Go through the entries below and print, exactly, the lines starting at the one with "10. Тесто делим" and ending at the one with "Der er 2 badeværelser", keeping both ends and no others.
━━━━━ EXTRACTED MATERIAL
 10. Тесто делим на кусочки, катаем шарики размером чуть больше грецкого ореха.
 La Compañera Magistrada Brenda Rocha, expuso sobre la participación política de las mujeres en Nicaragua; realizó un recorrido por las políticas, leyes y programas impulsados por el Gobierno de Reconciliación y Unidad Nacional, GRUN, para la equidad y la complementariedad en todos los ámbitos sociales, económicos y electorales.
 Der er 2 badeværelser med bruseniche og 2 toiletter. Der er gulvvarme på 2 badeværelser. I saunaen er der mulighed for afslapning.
━━━━━━━━━━
━━━━━ EXTRACTED MATERIAL
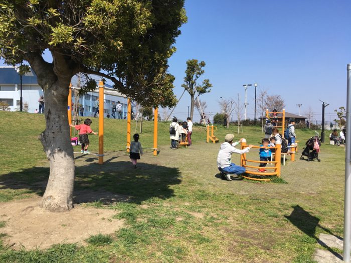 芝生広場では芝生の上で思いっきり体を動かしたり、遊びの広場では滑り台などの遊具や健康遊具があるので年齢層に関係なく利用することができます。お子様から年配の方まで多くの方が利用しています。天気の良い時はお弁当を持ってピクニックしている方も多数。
━━━━━━━━━━
- **EXPECTED ANSWER**
 10. Тесто делим на кусочки, катаем шарики размером чуть больше грецкого ореха.
 La Compañera Magistrada Brenda Rocha, expuso sobre la participación política de las mujeres en Nicaragua; realizó un recorrido por las políticas, leyes y programas impulsados por el Gobierno de Reconciliación y Unidad Nacional, GRUN, para la equidad y la complementariedad en todos los ámbitos sociales, económicos y electorales.
 Der er 2 badeværelser med bruseniche og 2 toiletter. Der er gulvvarme på 2 badeværelser. I saunaen er der mulighed for afslapning.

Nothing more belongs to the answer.